= Jiger (AATV) =

All terrain vehicle

The Jiger was the first all-terrain vehicle (ATV). It was a six-wheeled amphibious ATV with differential steering via separate throttle control of its dual (left vs right) engines. The first Jigers were built-to-order beginning in 1961 by JGR Gunsport in Toronto and were mass-produced by Jiger Corporation beginning in 1965, until the company declared bankruptcy in February 1968. Breton Versatech Limited purchased the company’s assets and production on the Versatech Jigger began in later 1968. DIY kits were also brought to the market. Sales were poor, and in 1971, the company’s assets were sold at public auction. Around 3,337 Jigers were built.

The twin two-cycle "Techumseh Power Products" engines were replaced by a single four-cycle "JLO" engine. The dual engine system presented several problems. The first was keeping two engines timed at the same rpm on straight-line travel, which often required course correction. Secondly, maintaining two engines. Two-cycle engines tend to foul plugs, which had to be replaced often. A dual clutch/brake system was used to tie the two sides to the single power source.
The changes greatly improved product operation and dependability.

The Jiger was the brainchild of Jack (Jacob) Rempel (a.k.a. John Gower), the founder of JGR Gunsport, and Swiss engineer Fred Rohrer.

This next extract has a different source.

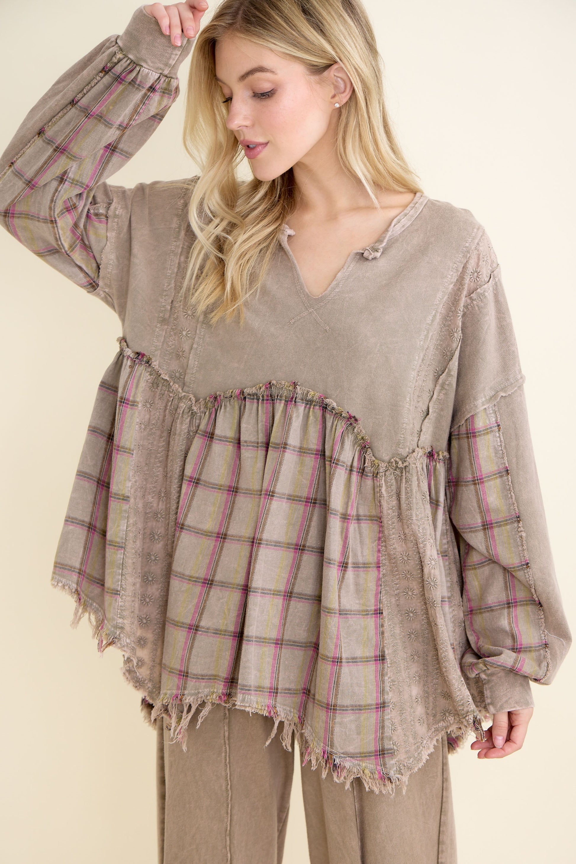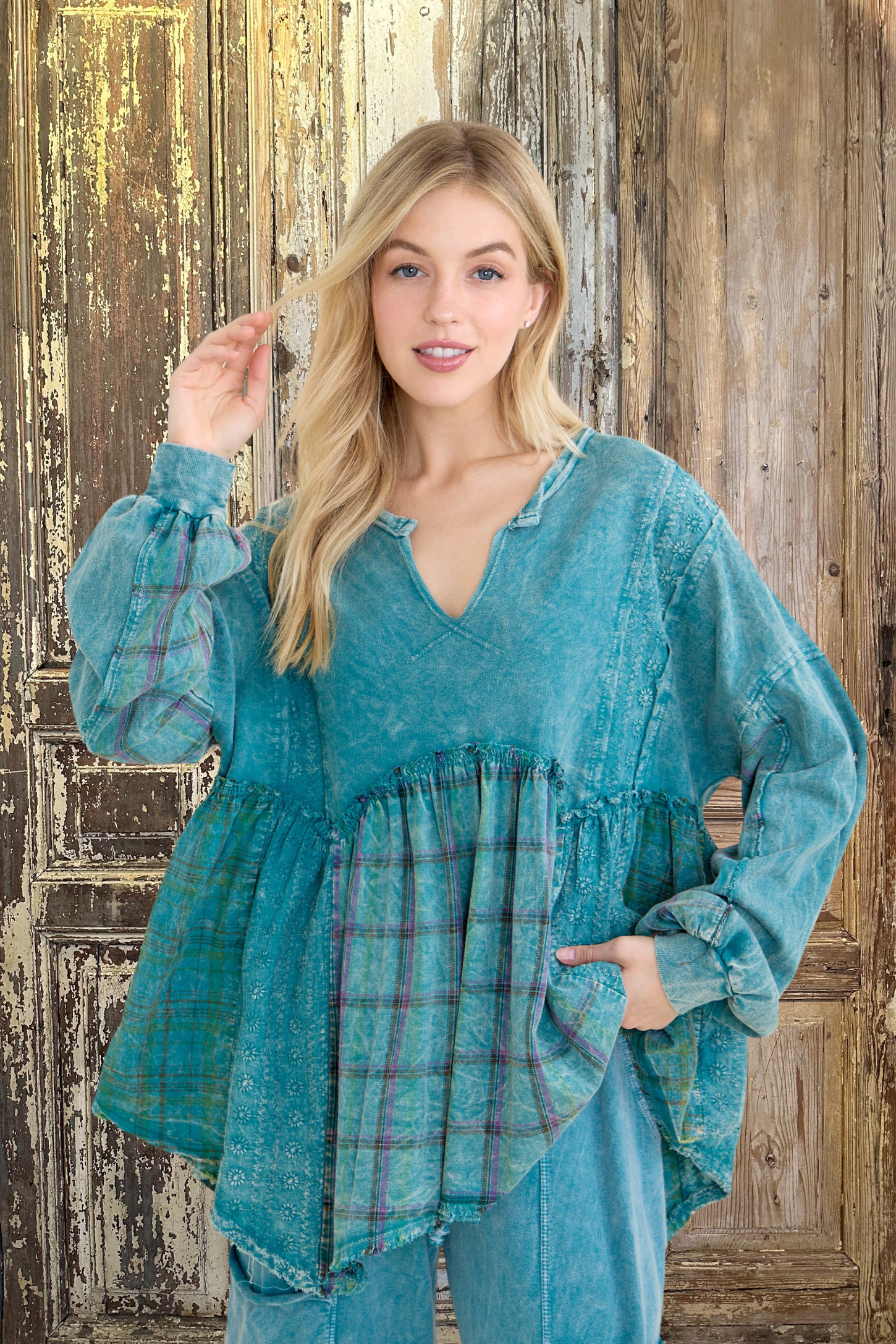 The Plaid & Thermal Top is your new go-to for laid-back, boho fall style. Made from soft  cotton and mineral washed for that perfectly broken-in look, this oversized cut v-neck features plaid inserts that add a fun, vintage twist. The relaxed fit and cozy texture make it comfortable and effortlessly cool — ideal for layering or styling solo. Pair it with a mini skirt and boots for a flirty fall look or with funky flares for that signature Trestles hippie vibe.

The Jiger was produced in three models:
- Build A – Twin-engine Techumseh (29 confirmed units built)
- Model 152 - Single-engine JLO 152 (1,867 confirmed units built)
- Model 197 - Single-engine JLO 197 (959 confirmed units built)
Confirmation is based on existing serial numbers. Many serial numbers are still unconfirmed, so the actual quantity is more than what is recorded here.